Comment: Re:Stop trying to win this politically (Score 1) 786

by Pav (#48786499) Attached to: Michael Mann: Swiftboating Comes To Science
Without an atmosphere we'd have -387 Fahrenheit (-233 Celsius) at night and 253 Fahrenheit (123 Celsius) during the day... so what's your point? Fine tuning couldn't be useful?? My hometown is much more bearable in summer during the night due to being inland (ie. less humid, lower temperatures). I'm not excited about everywhere progressively becoming less bearable due to higher CO2. The fossil record tells us that ocean acidification could be the greater danger in any case - marine algae (estimated to produce 50%-85% of the worlds oxygen) needs to create carbonate skeletons that are vulnerable. Even tough oysters are already dying off in many places.

Comment: Re:But *are* there enough eyes? (Score 1) 255

by Pav (#48734177) Attached to: 2014: The Year We Learned How Vulnerable Third-Party Code Libraries Are
I'd imagine elements of this question are amenable to analysis eg. estimates can be made of the number of: * security bugs per 10,000 LOC * the likelyhood of a "set of eyes" to discover these Given these two, how many orders of magnitude "friendly eyes" (of equivalent skill) are required to make a malicious 0-day acceptably unlikely given XYZ million LOC on a given system.

Comment: Re: ...."had not had to endure hospital-like care. (Score 2) 231

by Pav (#48408131) Attached to: The Dutch Village Where Everyone Has Dementia
I'm in another country (Australia), and I've recently experienced both private and public care due to a stage IV melanoma.
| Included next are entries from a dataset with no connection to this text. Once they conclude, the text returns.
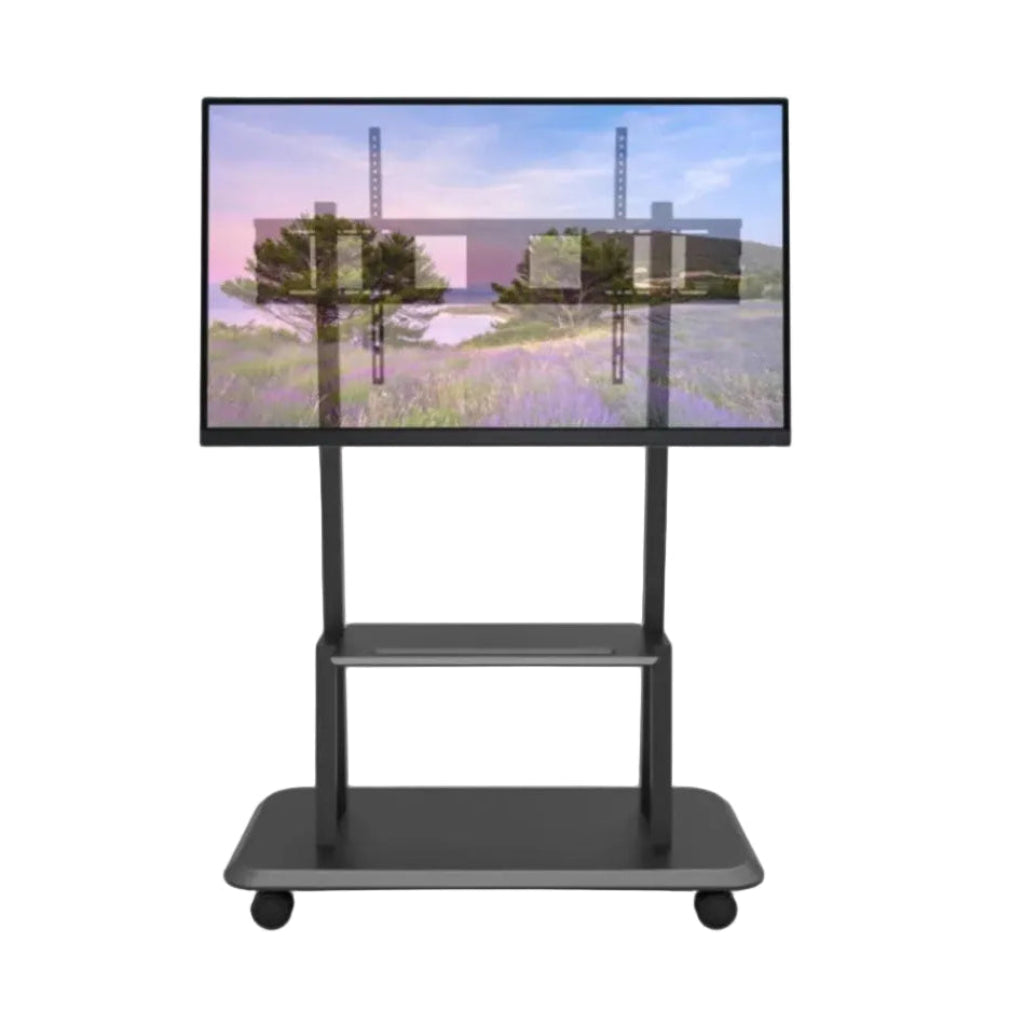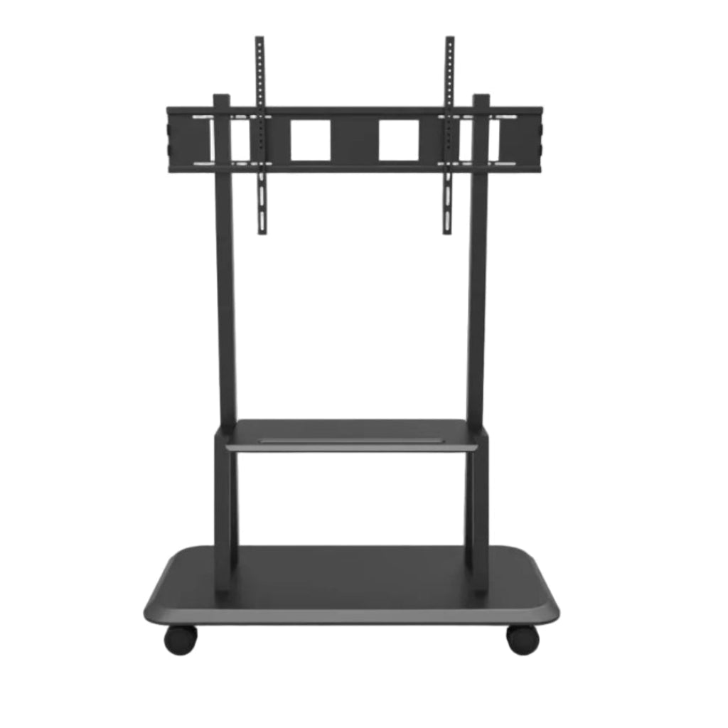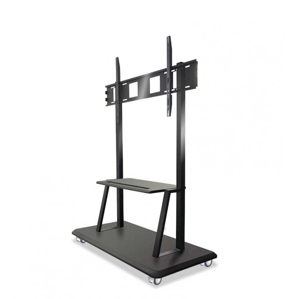 Stand TV profesional de podea, mobil, proiectat pentru instalarea sigură și elegantă a ecranelor de foarte mari dimensiuni. Soluția este destinată mediilor corporate, instituțiilor publice și proiectelor AV unde este necesară flexibilitate, stabilitate și compatibilitate extinsă VESA, fără compromisuri de siguranță.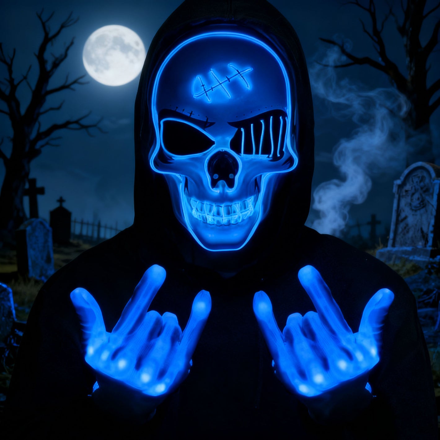 Light Up Halloween: The Ultimate Glow Skeleton Mask Set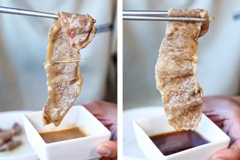 坊間多以沙茶醬或醬油為主,但店家特別提供兩種自家調製的日式沾醬,口感清爽更好能襯托肉品的鮮美。

I went private because I genuinely felt I would have better care, but got a post-op infection, and some of what I saw worried me. I checked myself into the public system for my second operation and did indeed recieve much better care - In particular wound management seemed much more professional. I've since spoken to people who have worked in both systems (nuclear physicist and a couple of nurses) and the consensus was that on average public system care is superior. I heard yesterday on Australias ABC that private hospitals are a few years behind in infection management, and I'm not surprised.

Mr. Cole's Axiom: The sum of the intelligence on the planet is a constant; the population is growing.